Soldier indicted in daughter's death
He pleads not guilty to charges carrying the death penalty
A Schofield soldier pleaded not guilty yesterday in U.S. District Court to a superseding indictment charging him and his wife with murder in the death of his 5-year-old daughter.
Spc. Naeem Williams, 26, faces the death penalty if convicted on either of two counts of first-degree felony murder.
U.S. Magistrate Leslie Kobayashi designated the case complex and found that it would be in the interest of justice to continue the trial date to December 2007 to give the parties more time to prepare their case.
Williams and wife Delilah Williams, 22, were re-indicted earlier this month, but the U.S. attorney general has not sought the death penalty in her case.
The new indictment charges Delilah Williams with assaulting her stepdaughter with a dangerous weapon.

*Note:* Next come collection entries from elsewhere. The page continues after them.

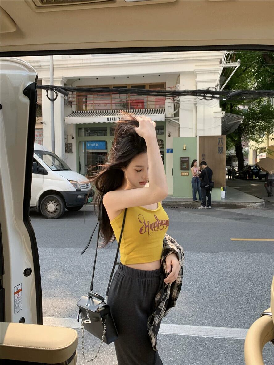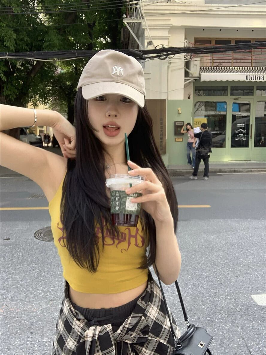 胸パッド付きプリントベスト、小さめサスペンダー、レディース夏、イエロー、スリム、薄手、ショート、甘い、トップス 大人ガーリー スウィート キュート カジュアル サマー 夏物 bstraw980701426 | beaute25
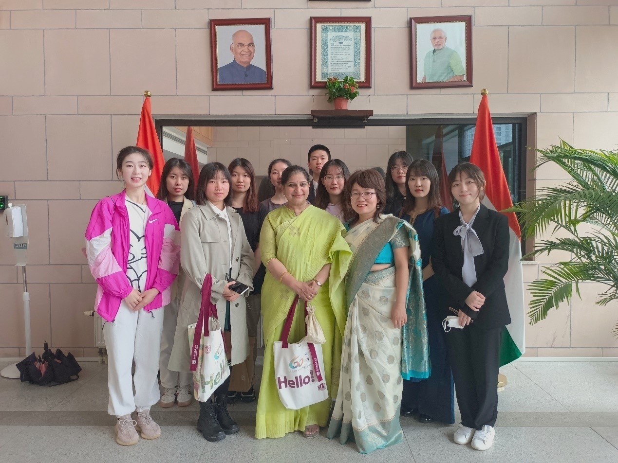 304永利集团师生向印度驻华使馆文化处一秘贝婧琦(Rajashree Behera)女士,赠送了研究中印古代天文学交流的专著《<虎耳譬喻经>的文本与研究——中印间天文、历法和文学的交流》。贝婧琦女士代表印度大使馆文化处,表达了对北外印度相关语种学科的良好祝愿,对中印关系和谐发展的美好憧憬。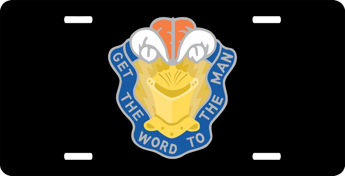 This 7th Signal Brigade Unit CrestLicense Plate is made from heavy gauge aluminum and has a baked enamel finish to last for many years of use. Each plate measures 5 15/16" x 11 15/16". This license plate would make a wonderful addition to your collection or a great gift.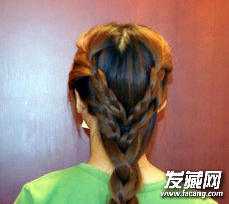 6、将剩下所有的头发编三股辫,也就是麻花辫,变成一条辫子扎好就行。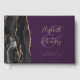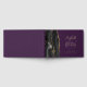 This elegant wedding guest book features a black watercolor agate design trimmed with faux gold glitter. Easily customize the gold-coloured text on a purple background, with the names of the bride and groom in whimsical handwriting calligraphy over a large ampersand. Add additional text of your choice to the front and spine.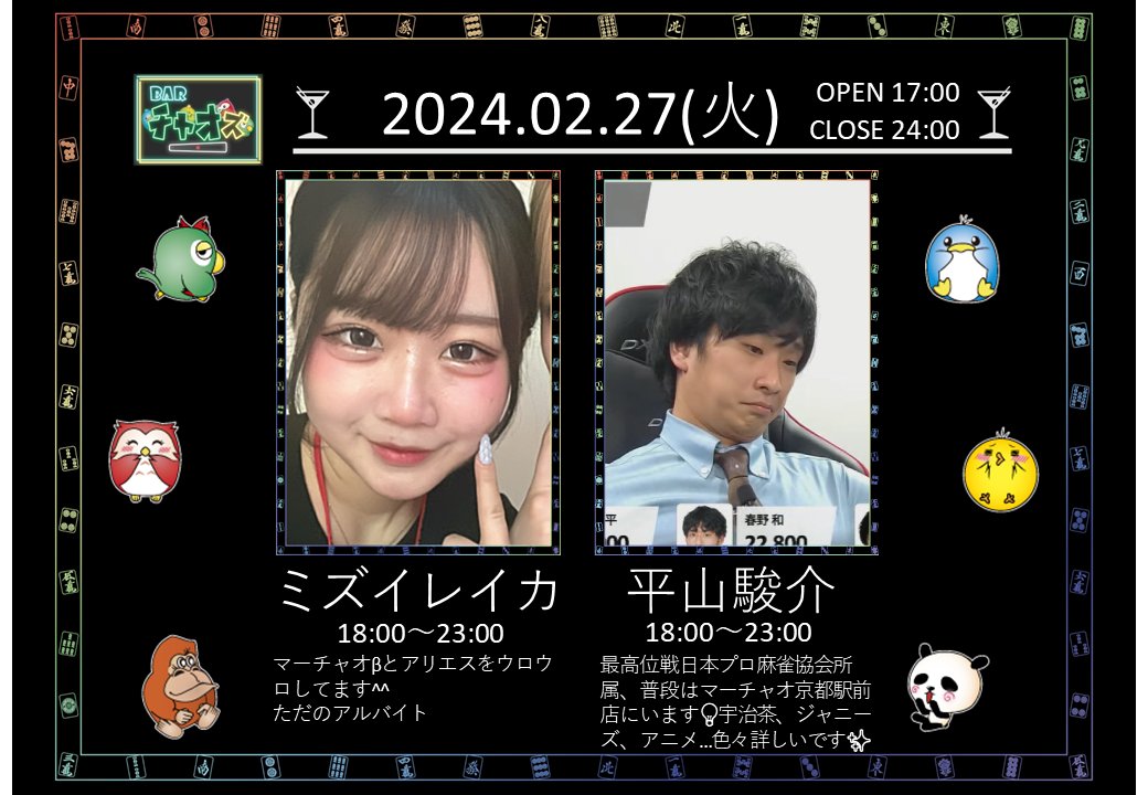麻雀BARチャオズ【公式】 @chaosbar_majan · Feb 27, 2024 本日2/27(火)はNEWスタッフが登場💡 最高位戦日本プロ麻雀協会所属 ✨平山駿介プロ✨が来店です💕 🍸酒井マスター💖ミズイレイカもいますよ🎶 17時OPEN、ご来店をお待ちしております✨ #麻雀BARチャオズ #OPEN #平井駿介 #ミズCN62c 1 10 1.4K

She faces life imprisonment if convicted.
The couple is also charged with conspiring to obstruct justice by removing the girl's blood, which had splattered onto the walls and floors of their home at Wheeler Army Airfield.
Talia Emoni Williams was pronounced dead July 16, 2005, at Wahiawa General Hospital. She died of "blunt head trauma due to battered child syndrome."
Among her injuries were bruises on her arms, chest, knees and thighs and a cut on her back.
Delilah Williams told authorities her husband had struck the girl twice that day for soiling herself. The second time, the girl fell, hitting her head on the floor.
The couple allegedly failed to call for help right away because they feared the authorities would take their baby away, according to court documents.